━━━ Exercise material ━━━
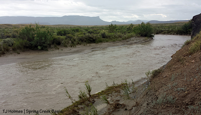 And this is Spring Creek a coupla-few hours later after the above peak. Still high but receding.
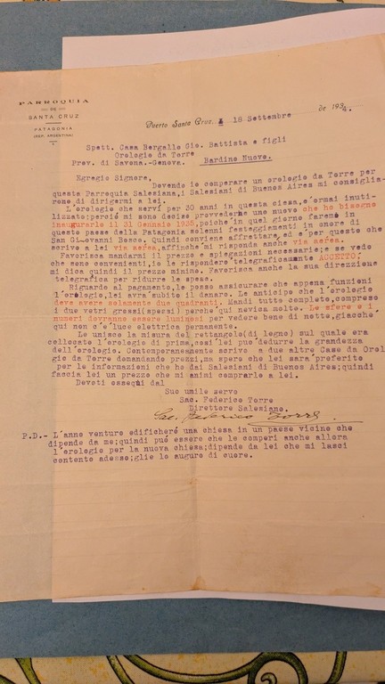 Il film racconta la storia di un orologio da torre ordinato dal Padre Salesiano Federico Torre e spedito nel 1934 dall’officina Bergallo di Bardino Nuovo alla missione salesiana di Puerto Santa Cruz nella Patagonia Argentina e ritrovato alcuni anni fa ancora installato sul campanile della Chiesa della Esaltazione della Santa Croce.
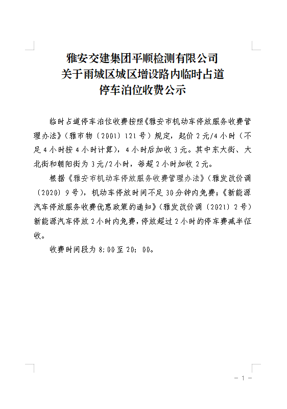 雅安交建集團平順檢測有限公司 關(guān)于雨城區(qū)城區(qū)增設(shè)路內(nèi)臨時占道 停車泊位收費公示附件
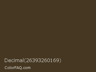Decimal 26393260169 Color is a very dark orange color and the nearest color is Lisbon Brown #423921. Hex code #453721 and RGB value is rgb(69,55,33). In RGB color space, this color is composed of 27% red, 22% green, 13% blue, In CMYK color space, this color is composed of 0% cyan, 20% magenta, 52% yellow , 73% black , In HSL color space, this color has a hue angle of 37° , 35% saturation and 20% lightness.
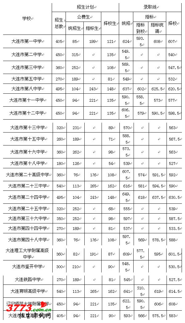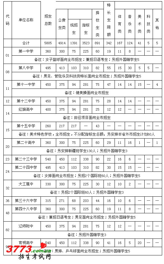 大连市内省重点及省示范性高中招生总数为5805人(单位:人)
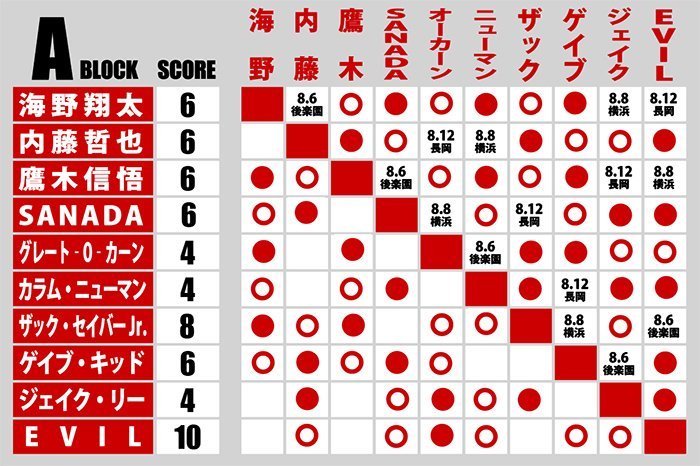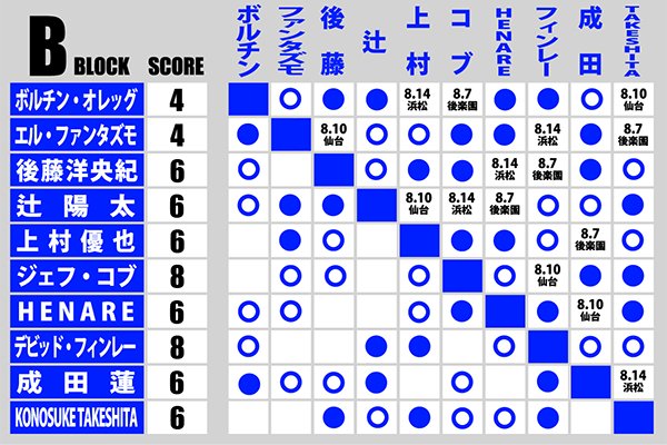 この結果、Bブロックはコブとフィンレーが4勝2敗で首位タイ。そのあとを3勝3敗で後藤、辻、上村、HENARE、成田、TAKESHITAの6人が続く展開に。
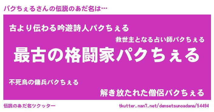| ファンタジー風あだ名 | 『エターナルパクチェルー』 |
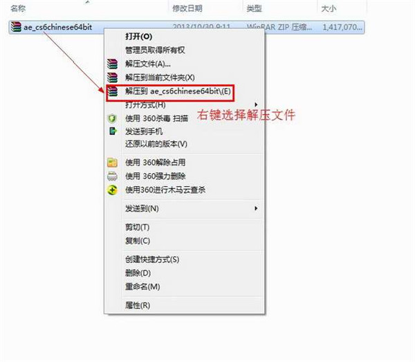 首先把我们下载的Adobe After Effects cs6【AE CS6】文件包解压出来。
━━━
Task:
Extract only the lines from the line containing "Il film racconta" through the final line of the listing above, unchanged; pictures stay out of the copy.

Response to the exercise:
 Il film racconta la storia di un orologio da torre ordinato dal Padre Salesiano Federico Torre e spedito nel 1934 dall’officina Bergallo di Bardino Nuovo alla missione salesiana di Puerto Santa Cruz nella Patagonia Argentina e ritrovato alcuni anni fa ancora installato sul campanile della Chiesa della Esaltazione della Santa Croce.
 雅安交建集團平順檢測有限公司 關(guān)于雨城區(qū)城區(qū)增設(shè)路內(nèi)臨時占道 停車泊位收費公示附件
Decimal 26393260169 Color is a very dark orange color and the nearest color is Lisbon Brown #423921. Hex code #453721 and RGB value is rgb(69,55,33). In RGB color space, this color is composed of 27% red, 22% green, 13% blue, In CMYK color space, this color is composed of 0% cyan, 20% magenta, 52% yellow , 73% black , In HSL color space, this color has a hue angle of 37° , 35% saturation and 20% lightness.
 大连市内省重点及省示范性高中招生总数为5805人(单位:人)
 この結果、Bブロックはコブとフィンレーが4勝2敗で首位タイ。そのあとを3勝3敗で後藤、辻、上村、HENARE、成田、TAKESHITAの6人が続く展開に。
| ファンタジー風あだ名 | 『エターナルパクチェルー』 |
 首先把我们下载的Adobe After Effects cs6【AE CS6】文件包解压出来。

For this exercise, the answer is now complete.